The total local amount has more than doubled since 2001, and grew another $600,000 in 2023 to $23.1 million. The amount has now grown by more than $5 million since the $17.7 million in 2019. The county keeps 94 percent of the total.

The Village of Medina this year will get $160,160 of the total, which is expected to be near $25 million. That is less than 1 percent of the total in the county.

Mayor Mike Sidari said it is frustrating to get such a low amount because many of the businesses in the village are generating the sales tax that the county is reaping.

Marciano said the village shouldn’t relent and accept such a low number, especially as the village grapples with trying to prevent a big tax increase to pay for services, including a new ladder truck and addition to the fire hall.

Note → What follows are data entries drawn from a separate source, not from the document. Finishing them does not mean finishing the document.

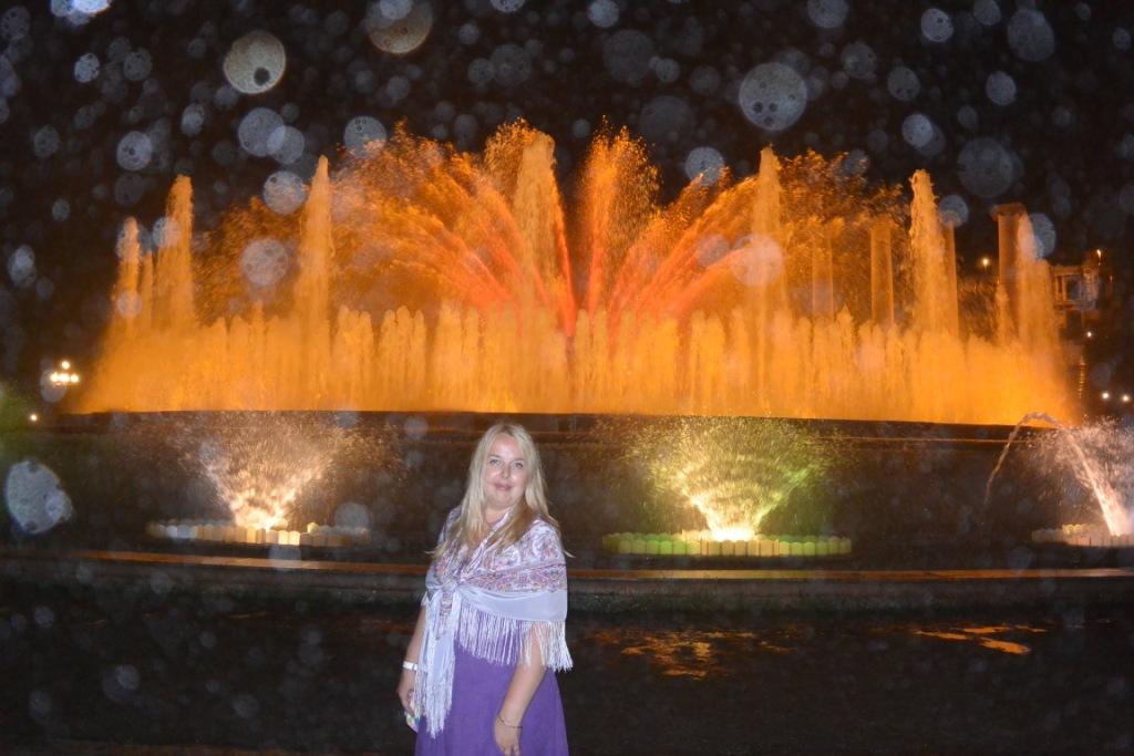 Брызги от поющего фонтана в Барселоне.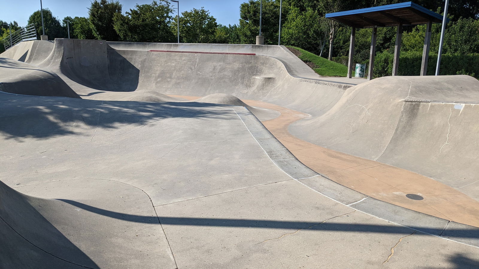 Williams Farm skatepark is a large concrete park featuring several bowls and a street focused area. The skatepark was built by Teampain skateparks.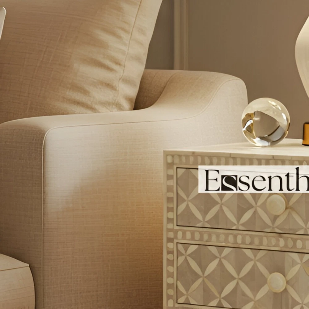 Modern Geometry Meets Artisan Craft This elegant Cream Bone Inlay Cabinet with three drawers features a refined geometric pattern that blends traditional craftsmanship with modern design. Each motif is hand-inlaid using ethically sourced camel bone set against a soft off-white resin base—creating a subtle, dimensional texture perfect for neutral, luxe, or minimalist interiors. Designed and handcrafted by artisans in Rajasthan, India, this piece is both decorative and functional. The three drawers offer practical storage for living rooms, bedrooms, or entryways—ideal for stowing essentials without sacrificing style. Its clean silhouette, delicate tones, and handcrafted appeal make this cabinet a versatile accent piece for any room in your home.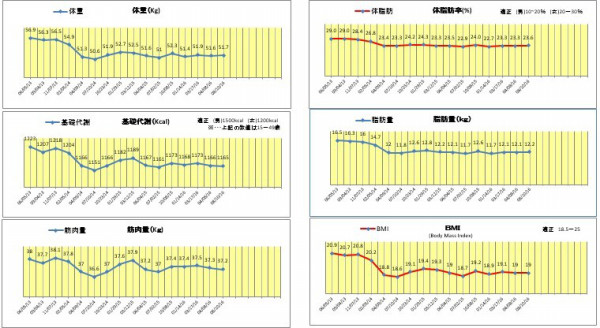 基礎代謝を測定できる体組成計で毎回図って頂いているデータがあるのですが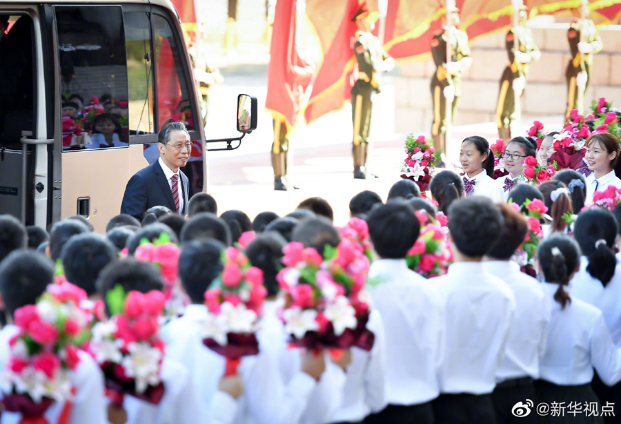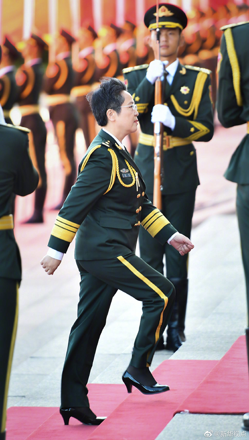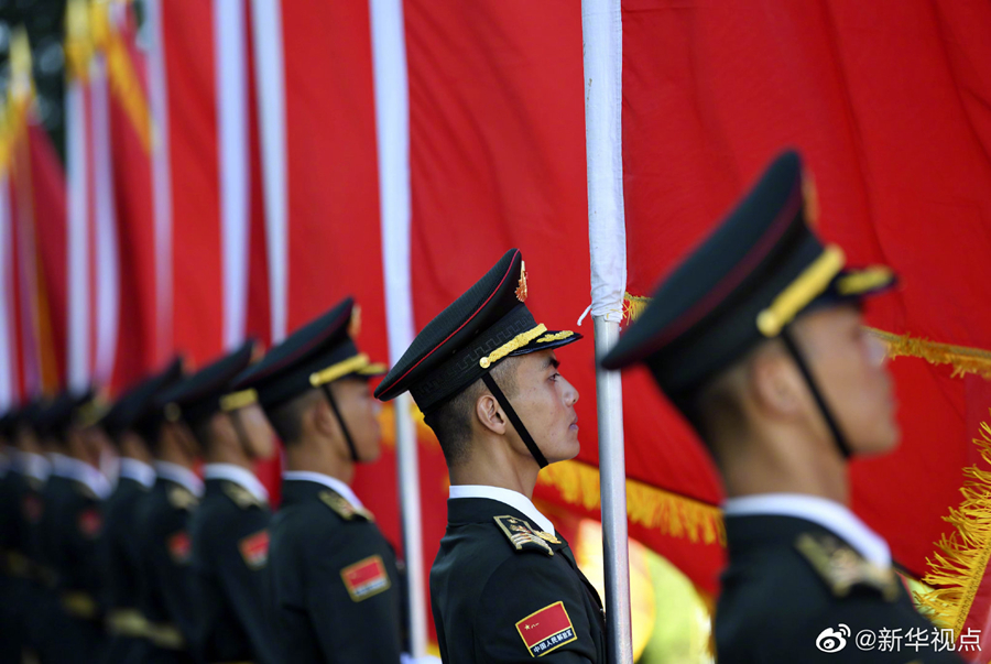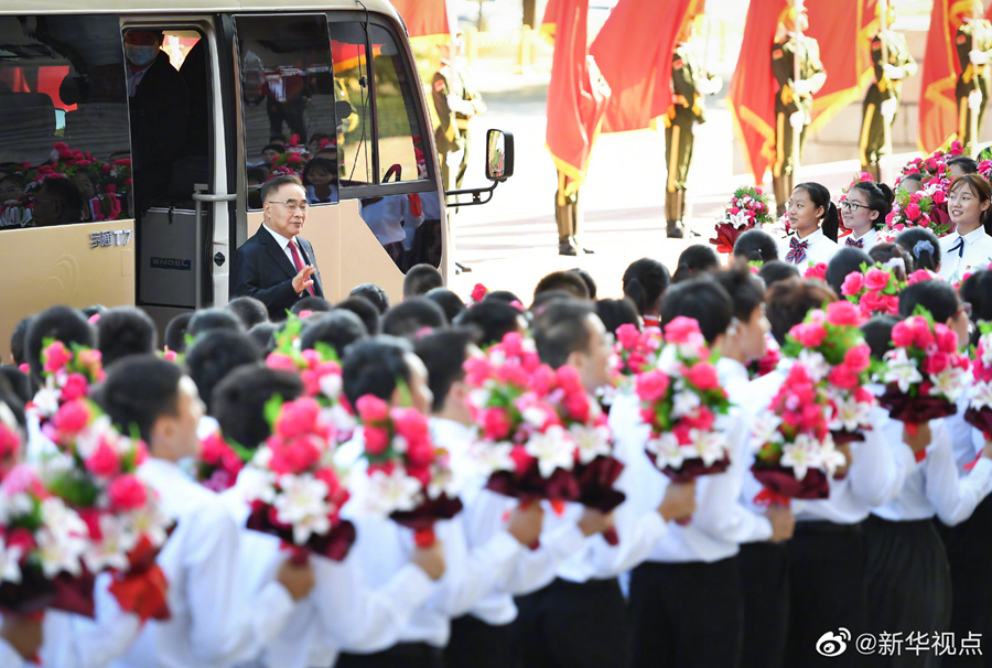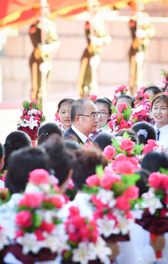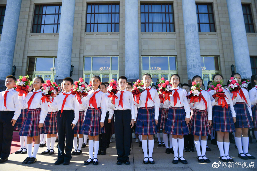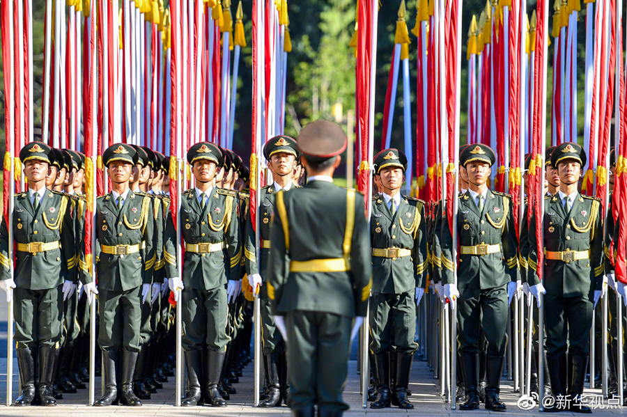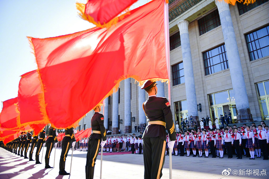 人民大會堂北門外,高擎紅旗的禮兵分列道路兩側(cè),肩槍禮兵在臺階上莊嚴(yán)佇立,青少年熱情歡呼致意。國家勛章和國家榮譽稱號獲得者沿著紅毯拾級而上,進(jìn)入人民大會堂。(攝影 龐興雷 劉彬 殷博古 李響)

Legislature Chairwoman Lynne Johnson last month was asked about distributing more of the local sales tax to towns and villages, but she said in a brief response that would only push up county taxes. She spoke at the Orleans County Chamber of Commerce’s Legislative Luncheon.

Marciano said county legislators need to see village and town taxpayers as county taxpayers, too, who need relief in their town and village taxes.

“The county is doing a disservice to their own residents,” Marciano said about the sales tax freeze to towns and villages. “We’re a major population center, and we have all these people who want services.”

Mayor Sidari said the village also gets short shrifted by the state with AIM payments or Aid and Incentives to Municipalities. Medina gets $45,523 in AIM from the state as a village of 6,047 people or $7.53 per person.

But other small cities with similar populations as Medina get far more in AIM. The City of Mechanicville, population 5,163 in Saratoga County, gets $1,649,701 for a per capita $319.52. The City of Salamanca in Cattaraugus County, population 5,929, gets $928,131 in AIM funding or $156.54 per capita.

Michael Maak, a retired Medina firefighter and a candidate for mayor in the March 19 election, said Medina should push to become a city to access the AIM funding, and also to get more of the local sales tax. That is a drawn-out legal process that needs the blessing of the state Legislature, something that hasn’t been approved in about 75 years, Maak said during last week’s Village Board meeting.

He said Medina shouldn’t give up the fight for more money in the sales tax and from the state for AIM.

“We provide a lot of services and they should give us what we’re due,” Maak said. “The squeaky wheel gets the oil and we need to start squeaking.”